On Thursday, January 11, the Astrophysics Source Code Library (ASCL) and Astronomical Data Group at the Flatiron Institute organized a Special Session at the 231st AAS meeting in National Harbor, MD on Astronomy Software Publishing: Community Roles and Services, the sixth in a series of software-focused sessions that the ASCL, sometimes with others, has organized at AAS meetings.
Peter Teuben from the University of Maryland and chair of the ASCL’s Advisory Committee) opened the session with a few words about the use of software in research articles. He outlined the layout of the session. A talk by Matteo Cantiello set the scene on how we have reached the point where we are now. Four presentations by representatives from different journals presented their policies on software publication followed Cantiello’s talk, and they were followed by presentations by representatives of others with roles in publishing software: the software author, the data editor, the ADS and the ASCL. The floor was then opened for discussion and Q&A. Teuben moderated the discussion, and at the end of it, turned the podium over to Robert Nemiroff from Michigan Technological University, and a founder of the ASCL, for a summary and closing remarks.
Presentations
Some of the main points from each presentation are summarized below; the titles of each are links to the slides used by the presenters.

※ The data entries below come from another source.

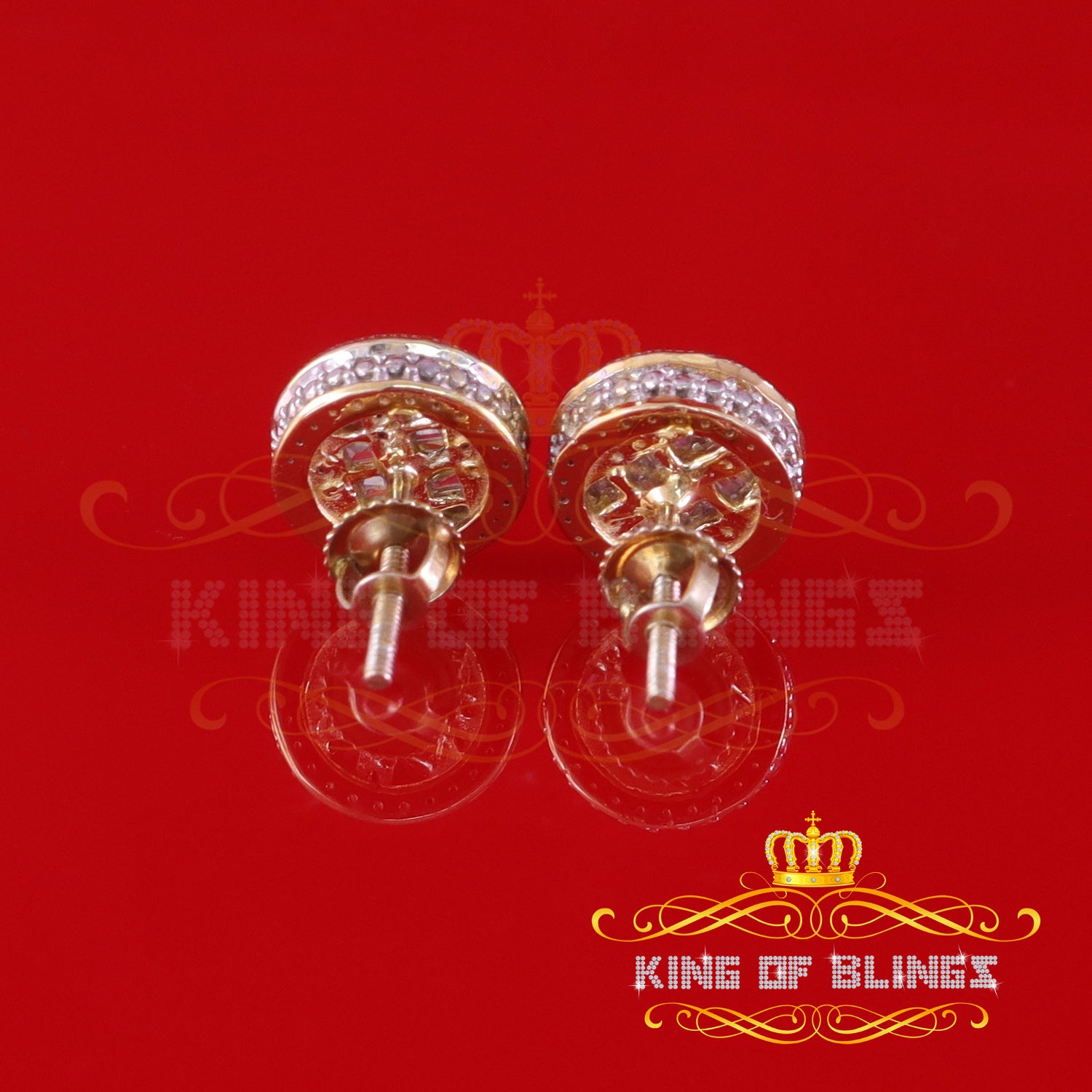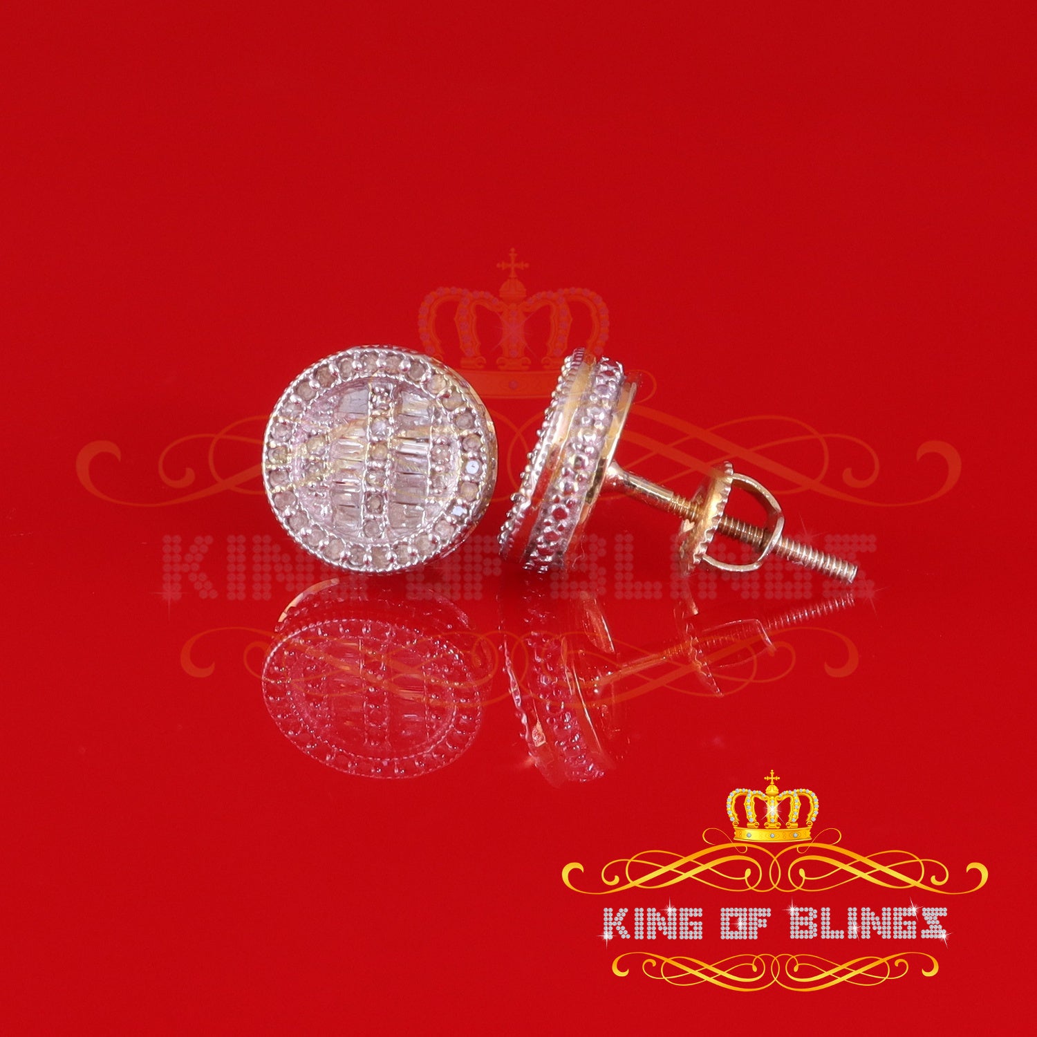 King of Blings-0.33ct Diamond 925 Sterling Yellow Silver For Men's & Womens Stud Round Earrings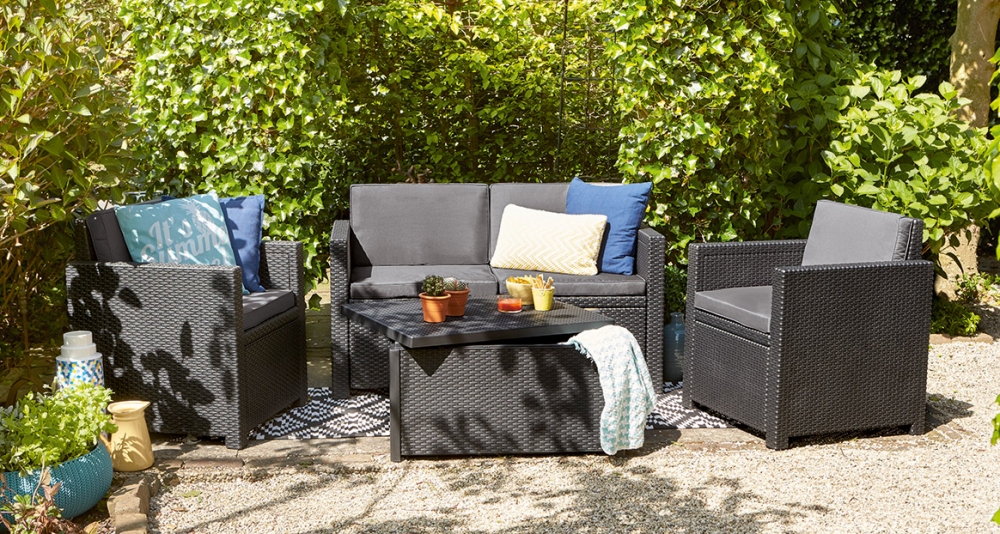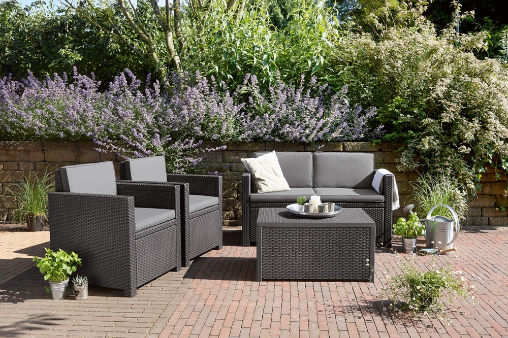 Zahradní set MONACO Grey je pohodlná a elegantní sada nábytku, která zahrnuje: dvě křesla, pohovku a obdélníkový stůl, který poslouží i jako úložný box. Sada se vyznačuje vysokým komfortem a příjemným designem imitující strukturu přírodního ratanu. Trvalý materiál zaručuje odolnost proti nežádoucím vlivům povětrnostních podmínek i UV záření.
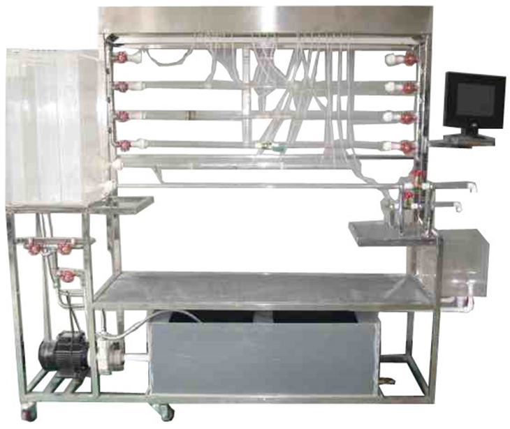 雷諾實驗管、伯努利實驗管、沿程阻力管、局部阻力管、水泵、秒表、玻璃溫度計、測壓計、刻度標尺、文丘里流量計、實驗水箱、計量水箱、蓄水箱、指示液盒、不銹鋼框架。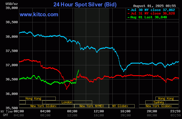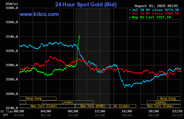 (Kitco News, Friday. Aug. 1st, 2025) – Gold prices are sharply higher in early U.S. trading Friday, following a very downbeat U.S. economic report that fell squarely into the camp of the monetary policy doves. December gold was last up $48.60 at $3,397.20. September silver prices were last up $0.243 at $36.955.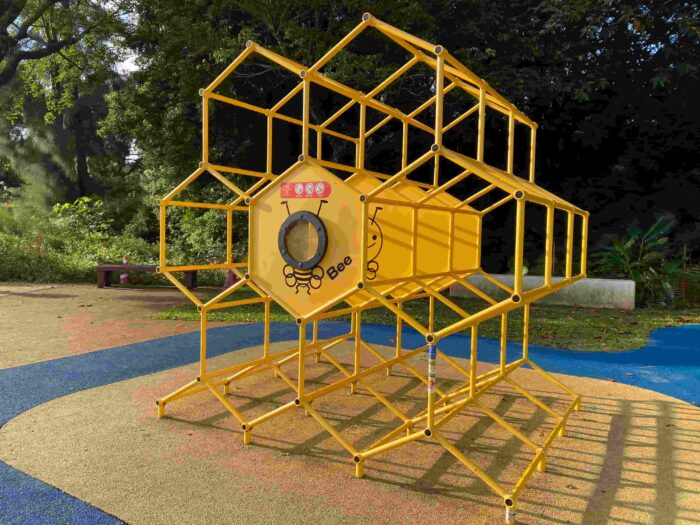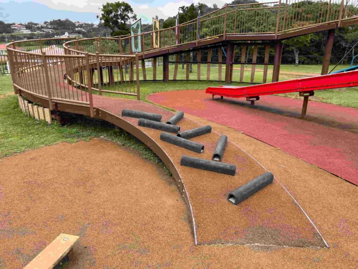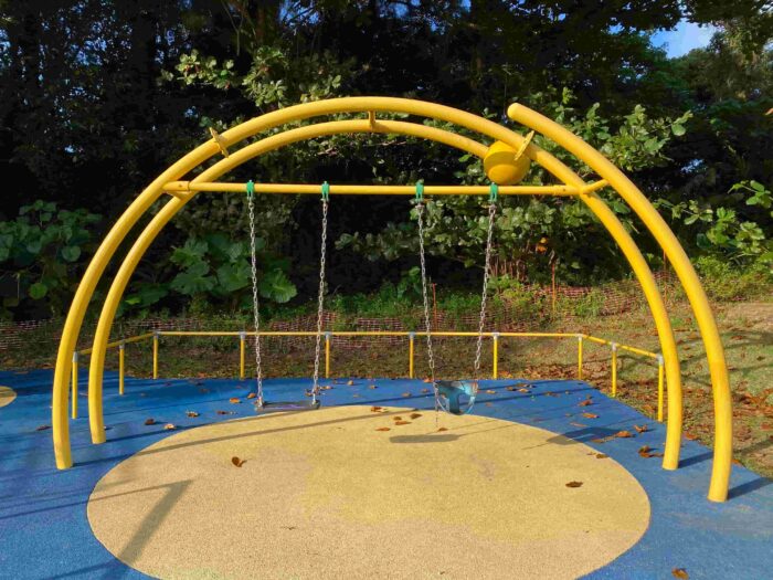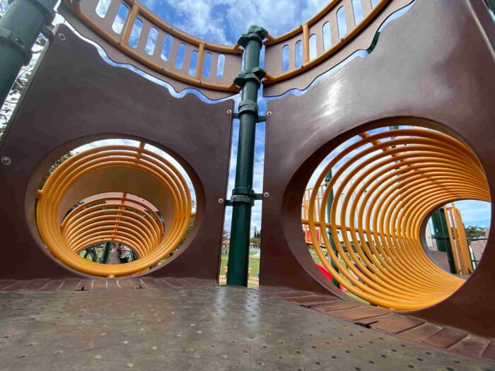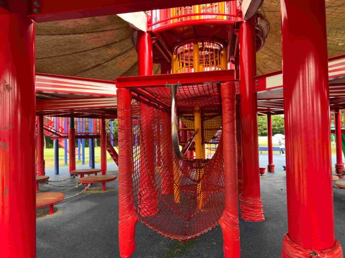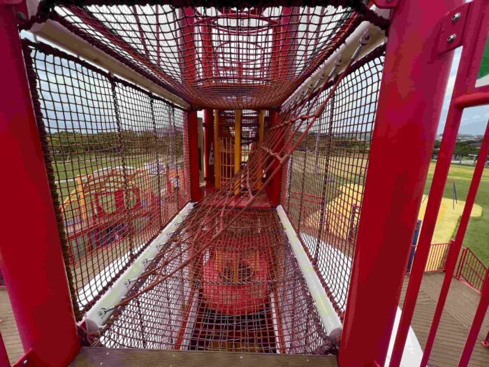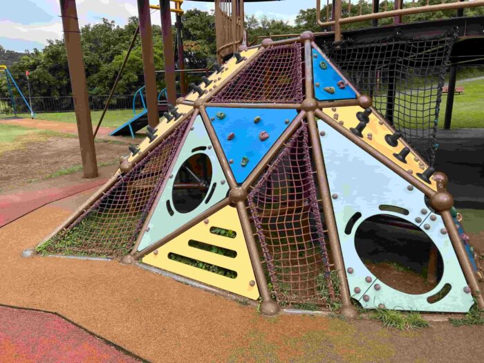 中には老朽化のため使用禁止になっている遊具もありますが、ふれあい広場ゾーンの “Cゾーン” というところに新しい綺麗な遊具があります。

- The Evolution of Software Publication in Astronomy, Matteo Cantiello (Flatiron Institute)
Cantiello states that the complexity of astrophysics requires computationally intensive models, making astronomy a digital science, and that astronomers have a rich computational environment available, allowing them to easily version, share, and deploy astronomy software. Despite this, software is often not shared, resulting in a reproducibility paradox: astronomers use computation to provide precise, accurate results, but research has become less transparent with the increase in the use of computational methods. Adding external links to papers to link to software is not a reliable solution to software sharing because of link rot. Formats have changed very little in the last 400 years; despite progress both technologically and socially, the format of papers is still largely the same. He stated that astronomy now has an opportunity to rethink scientific papers as research repositories, with executable objects containing narrative, figures, data, and code.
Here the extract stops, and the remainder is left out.